Sediment transport on the Palos Verdes shelf over seasonal to decadal time scales

Abstract

We combine direct observations, longer-term wave data, and model calculations to characterize resuspension and transport of fine-grained, effluent-affected sediment on the Palos Verdes shelf. Near-bed waves, currents, and suspended sediment concentrations were monitored during the winter of 1992–93 with a bottom tripod and current-meter mooring at a 63-m-deep site. Wave conditions that winter were moderate (∼2 year recurrence interval), and mean current was alongshelf to the northwest; currents were not significantly correlated with wave conditions. Seven wave events during the winter (December–March) produced near-bed wave orbital velocities at the study site in excess of 14 cm s −1, the observed threshold for significant resuspension. Three of these events occurred during the bottom tripod deployment and are characterized by the highest persistent suspended sediment concentrations in the tripod record. Suspended sediment flux was alongshelf to the northwest for 5 of the 6 wave events for which current data were available; one event occurred during low southeast currents.
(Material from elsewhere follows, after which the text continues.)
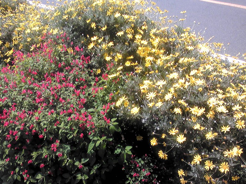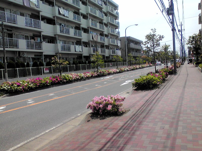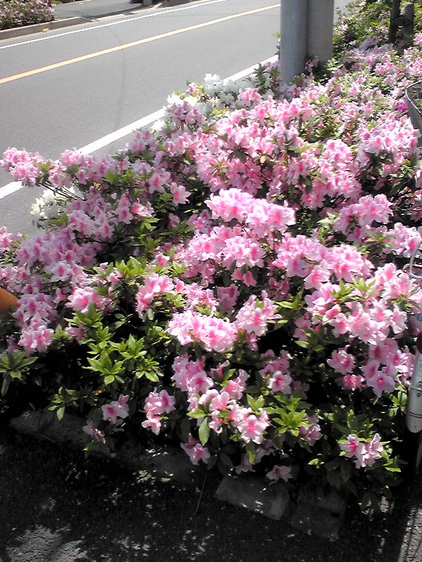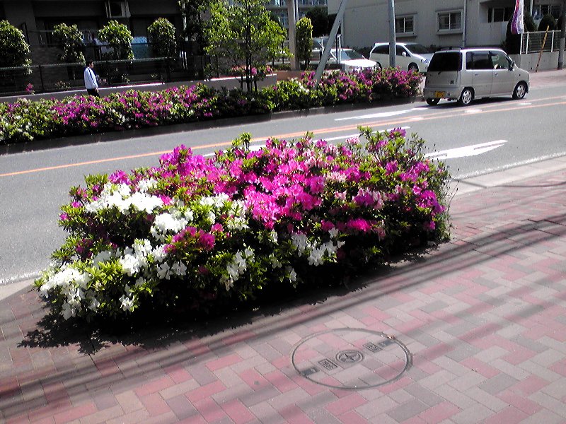 丁字路から京葉道路を渡る区間には、双方の歩道につつじが植わっている。しかも、赤・ピンク・白の三種がそれぞれ配置されているのだ。

Measured suspended sediment concentration and grain size generally agree with values that were calculated using a shelf sediment transport model with no adjustment of parameters from values determined for two muddy sites on the northern California shelf. We extend our seasonal observations to a period of almost 2 decades by applying the observed thresholds for wave-driven resuspension to near-bed wave conditions calculated from NDBC Buoy 46025 surface wave data. An average of 10 resuspension events per year, with an average duration of 1.6 days, were identified at a water depth of 60 m; the number of events dropped to 3 per year at 90 m, beyond the shelf break. For the majority of these events, calculated net suspended sediment flux is toward the northwest (alongshelf) at an average rate of 140 kg m −1 h −1; about a third of the events have net southeastward flux at an average rate of 30 kg m −1 h −1. The calculated thickness of the resuspended surface layer of the bed was less than 1 cm for all events at 60 m.